**** Recorded data
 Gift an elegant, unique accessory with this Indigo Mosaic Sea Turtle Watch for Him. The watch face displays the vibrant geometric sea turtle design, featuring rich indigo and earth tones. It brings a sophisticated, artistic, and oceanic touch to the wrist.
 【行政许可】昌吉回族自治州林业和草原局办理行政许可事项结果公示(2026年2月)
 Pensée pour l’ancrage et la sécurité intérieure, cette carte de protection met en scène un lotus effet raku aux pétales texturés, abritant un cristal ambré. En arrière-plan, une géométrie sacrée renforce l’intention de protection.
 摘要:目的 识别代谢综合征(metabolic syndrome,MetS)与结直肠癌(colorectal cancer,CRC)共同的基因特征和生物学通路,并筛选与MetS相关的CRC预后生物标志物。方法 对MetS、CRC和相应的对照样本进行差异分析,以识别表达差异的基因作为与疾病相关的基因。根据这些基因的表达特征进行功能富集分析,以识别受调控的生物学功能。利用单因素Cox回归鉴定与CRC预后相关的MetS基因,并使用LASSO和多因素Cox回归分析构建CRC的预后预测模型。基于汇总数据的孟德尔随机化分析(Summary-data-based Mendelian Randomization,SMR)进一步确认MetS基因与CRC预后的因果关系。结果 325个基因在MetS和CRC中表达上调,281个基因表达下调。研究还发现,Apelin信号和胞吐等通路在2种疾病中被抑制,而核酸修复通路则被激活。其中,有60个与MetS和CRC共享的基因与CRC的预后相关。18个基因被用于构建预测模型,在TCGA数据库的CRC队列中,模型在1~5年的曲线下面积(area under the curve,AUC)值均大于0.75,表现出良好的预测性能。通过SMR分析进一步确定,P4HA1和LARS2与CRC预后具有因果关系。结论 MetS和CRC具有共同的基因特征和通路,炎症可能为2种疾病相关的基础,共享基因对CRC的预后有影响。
********
**** Recorded data
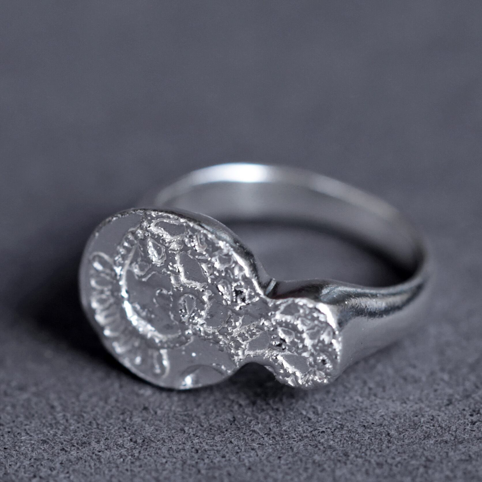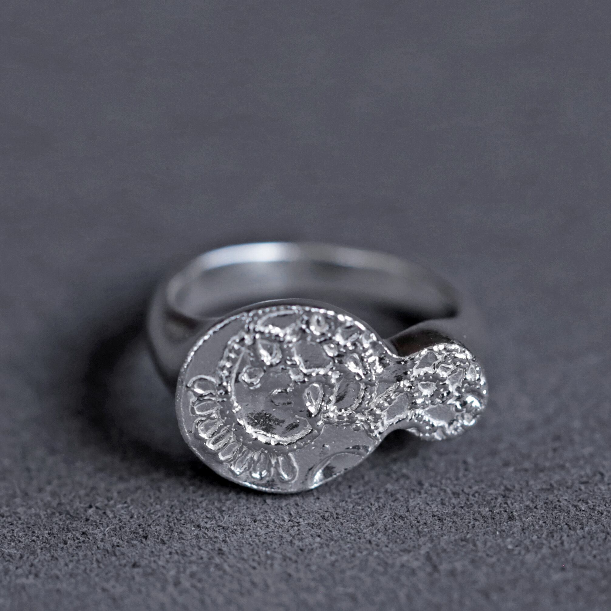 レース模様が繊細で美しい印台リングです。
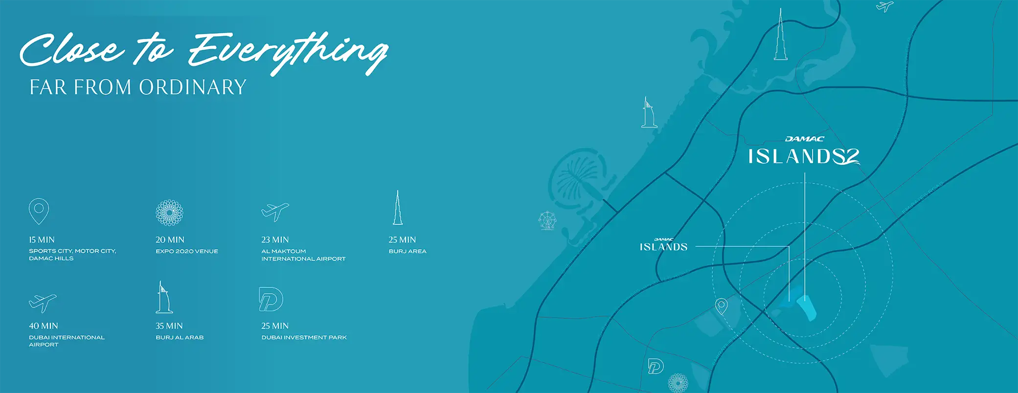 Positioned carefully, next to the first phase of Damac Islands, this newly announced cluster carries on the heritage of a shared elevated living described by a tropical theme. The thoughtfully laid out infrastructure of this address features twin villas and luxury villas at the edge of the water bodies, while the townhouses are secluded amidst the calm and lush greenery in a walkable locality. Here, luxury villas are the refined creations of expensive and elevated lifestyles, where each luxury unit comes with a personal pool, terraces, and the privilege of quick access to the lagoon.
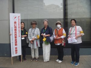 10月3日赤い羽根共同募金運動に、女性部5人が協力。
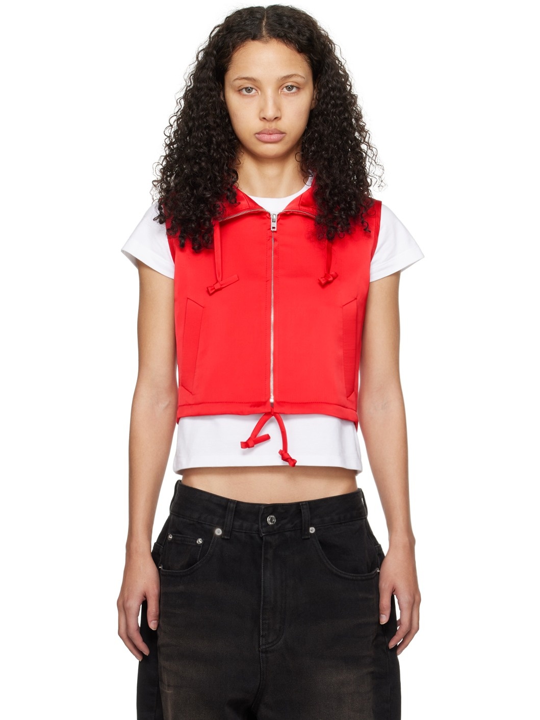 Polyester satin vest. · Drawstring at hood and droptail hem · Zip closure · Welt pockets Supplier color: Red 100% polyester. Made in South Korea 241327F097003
********
**** Recorded data
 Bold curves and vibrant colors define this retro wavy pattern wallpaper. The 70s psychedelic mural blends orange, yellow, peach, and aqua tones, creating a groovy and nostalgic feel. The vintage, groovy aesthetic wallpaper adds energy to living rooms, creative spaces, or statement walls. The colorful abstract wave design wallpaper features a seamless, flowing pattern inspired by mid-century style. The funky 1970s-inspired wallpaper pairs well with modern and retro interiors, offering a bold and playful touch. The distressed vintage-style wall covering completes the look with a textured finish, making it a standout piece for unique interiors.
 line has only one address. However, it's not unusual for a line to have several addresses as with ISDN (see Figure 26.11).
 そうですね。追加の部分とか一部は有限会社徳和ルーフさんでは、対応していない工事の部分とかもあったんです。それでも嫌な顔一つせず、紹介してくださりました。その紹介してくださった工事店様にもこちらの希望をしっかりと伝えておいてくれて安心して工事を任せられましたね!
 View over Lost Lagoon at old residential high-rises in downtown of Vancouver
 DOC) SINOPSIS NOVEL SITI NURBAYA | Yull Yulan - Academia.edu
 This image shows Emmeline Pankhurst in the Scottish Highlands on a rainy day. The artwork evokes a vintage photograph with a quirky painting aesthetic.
********
Beginning with the line that has "Gift an elegant, unique" and ending with the line that has "摘要:目的 识别代谢综合征(metabolic syndrome,MetS)与结直肠癌(colorectal", set down the lines above exactly and include no others.

 Gift an elegant, unique accessory with this Indigo Mosaic Sea Turtle Watch for Him. The watch face displays the vibrant geometric sea turtle design, featuring rich indigo and earth tones. It brings a sophisticated, artistic, and oceanic touch to the wrist.
 【行政许可】昌吉回族自治州林业和草原局办理行政许可事项结果公示(2026年2月)
 Pensée pour l’ancrage et la sécurité intérieure, cette carte de protection met en scène un lotus effet raku aux pétales texturés, abritant un cristal ambré. En arrière-plan, une géométrie sacrée renforce l’intention de protection.
 摘要:目的 识别代谢综合征(metabolic syndrome,MetS)与结直肠癌(colorectal cancer,CRC)共同的基因特征和生物学通路,并筛选与MetS相关的CRC预后生物标志物。方法 对MetS、CRC和相应的对照样本进行差异分析,以识别表达差异的基因作为与疾病相关的基因。根据这些基因的表达特征进行功能富集分析,以识别受调控的生物学功能。利用单因素Cox回归鉴定与CRC预后相关的MetS基因,并使用LASSO和多因素Cox回归分析构建CRC的预后预测模型。基于汇总数据的孟德尔随机化分析(Summary-data-based Mendelian Randomization,SMR)进一步确认MetS基因与CRC预后的因果关系。结果 325个基因在MetS和CRC中表达上调,281个基因表达下调。研究还发现,Apelin信号和胞吐等通路在2种疾病中被抑制,而核酸修复通路则被激活。其中,有60个与MetS和CRC共享的基因与CRC的预后相关。18个基因被用于构建预测模型,在TCGA数据库的CRC队列中,模型在1~5年的曲线下面积(area under the curve,AUC)值均大于0.75,表现出良好的预测性能。通过SMR分析进一步确定,P4HA1和LARS2与CRC预后具有因果关系。结论 MetS和CRC具有共同的基因特征和通路,炎症可能为2种疾病相关的基础,共享基因对CRC的预后有影响。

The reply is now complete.